Based on the sequence information of mesentericin M revealed in this study, we here infer the genes responsible for its biosynthesis and immunity around its structural gene (mesM) on pLM213M0B (Supplementary Figure S1d and Figure 7). There are three genes (named mesKJL) and one gene (mesN) upstream and downstream near mesM, respectively. Among them, mesJ was annotated as a putative bacteriocin immunity gene, and its upstream neighbor is mesK. Although the function of mesK is unknown, a sequence with 98% homology to mesK was found in the vicinity of the ABC transporter genes (lcaCD) of leucocin A produced by Leuconostoc gelidum UAL 187 [7]. There is a putative promoter just upstream of mesK, and there is a replication initiation gene that is not directly related to bacteriocin production and immunity in further approximately 800 bp upstream.
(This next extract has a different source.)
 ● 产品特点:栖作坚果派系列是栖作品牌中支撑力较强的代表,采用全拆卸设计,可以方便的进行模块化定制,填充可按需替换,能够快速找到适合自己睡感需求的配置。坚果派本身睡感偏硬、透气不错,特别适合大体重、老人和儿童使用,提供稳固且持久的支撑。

Therefore, mesK is thought to be the first gene of the mesentericin M-related gene cluster. Downstream of mesM is mesN, whose function is unknown, and approximately 770 bp further downstream is mesD2E2, described as pLM213M0B-mesDE in Figure 2. These two genes had been thought to be responsible for the secretion of mesentericins Y105 and B105, as mentioned above. However, since there are no other mesentericin M secretion genes in the vicinity, it was speculated that they would play this role. On these grounds, these seven genes were deduced to be the mesentericin M-related genes.
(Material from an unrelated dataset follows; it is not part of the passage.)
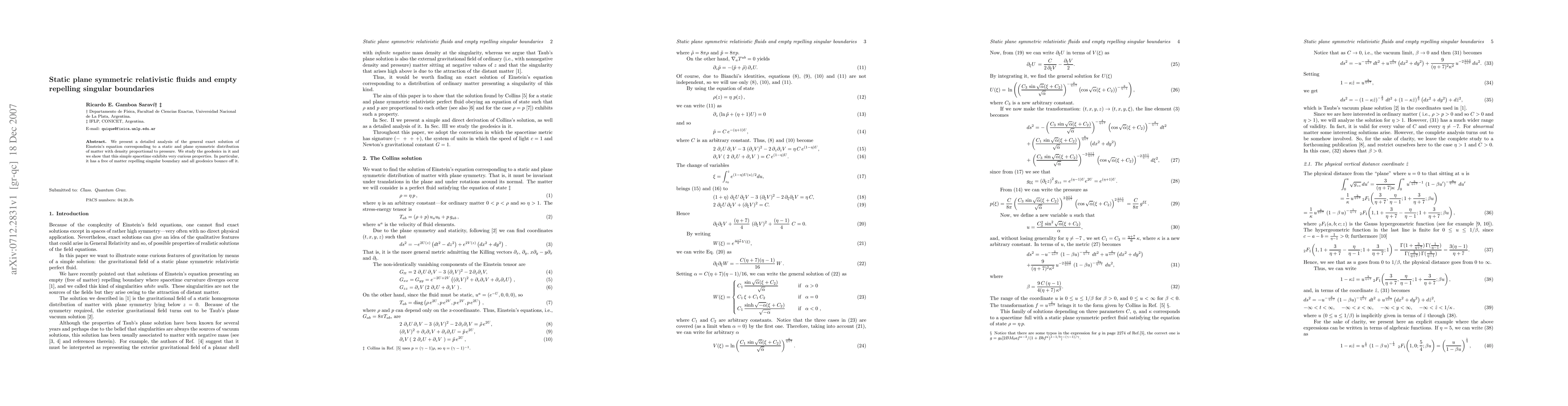 We present a detailed analysis of the general exact solution of Einstein's equation corresponding to a static and plane symmetric distribution of matter with density proportional to pressure. We study the geodesics in it and we show that this simple spacetime exhibits very curious properties. In particular, it has a free of matter repelling singular boundary and all geodesics bounce off it.
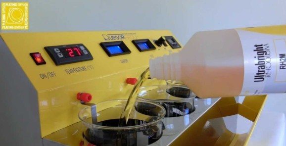 Для данного процесса необходимы соли, которые водорастворяют драгоценный металл, но чтобы облегчить работу при родировании, давно уже стали выпускать готовый материал: концентрированный раствор сульфата родия. Раствор необходимо смешать в нужной пропорции с водой и приступать к гальваническому процессу.

As noted above, mesentericin M requires not only cleavage of the N-terminal leader peptide but also cleavage of the C-terminal tripeptide for its maturation. For cleavage at the C-terminus, some kind of protease such as a carboxypeptidase would be needed, as well as a signal peptidase at the N-terminus. The three genes (mesK, mesL, and mesN) of unknown function on pLM213M0B may possibly play a role in this protease activity. However, this seems unlikely, since the translated sequences of mesK, mesL, and mesN do not have the well-known conserved regions of proteases. We rather focus on the homology between the cleaved tripeptide (GYY) and the first three residues (KYY) on the N-terminal side (just after the double glycine motif in the leader sequence) of mesentericin Y105. Namely, we think that the leader peptidase of mesentericin Y105 may misrecognize and cleave the tripeptide. Further experiments are needed to elucidate the cleavage mechanism of the C-terminal tripeptide and its effects.
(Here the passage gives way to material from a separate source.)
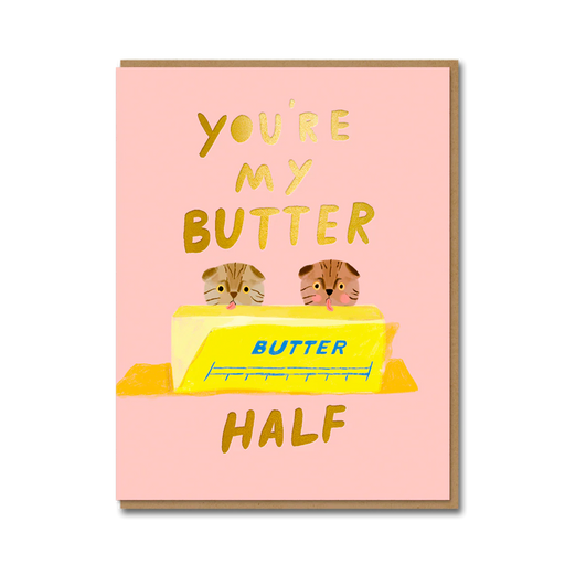 Carolyn Suzuki GoodsThis card leans fully into soft absurdity — a love note wrapped in butter, gold foil, and two extremely committed cats. Illustrated by Carolyn Suzu...

As for the 406-III bacteriocin, the N-terminal sequence was identical to that of mesentericin B105 (Table 4). However, its mass, as well as that of the 123M0-III bacteriocin, was 16 higher than that of mesentericin B105, identified in the peak-IV fraction (Supplementary Figure S2). This was consistent with the value obtained by oxidation at the ninth amino acid residue, methionine, to sulfoxide of mesentericin B105. Similar methionine oxidation has been well studied with pediocin PA-1 [32,33,34]. It has been reported that the methionine residue at position 31 of pediocin PA-1 was gradually oxidized to sulfoxide during storage and that the antibacterial activity was greatly reduced by the oxidation. The specific activities of the peak-III bacteriocins were also significantly lower than those of the corresponding peak-IV bacteriocins identified as mesentericin B105 (Figure 5b and Supplementary Table S1). These results indicated that the peak-III bacteriocins were oxidized mesentericin B105, whereas any active peaks of the oxidized forms of mesentericins Y105 and M were not detected (Figure 5a), which must be due to the absence of a methionine residue in them. Incidentally, almost the same results were also observed for mesentericin B105 and 52B [24,30].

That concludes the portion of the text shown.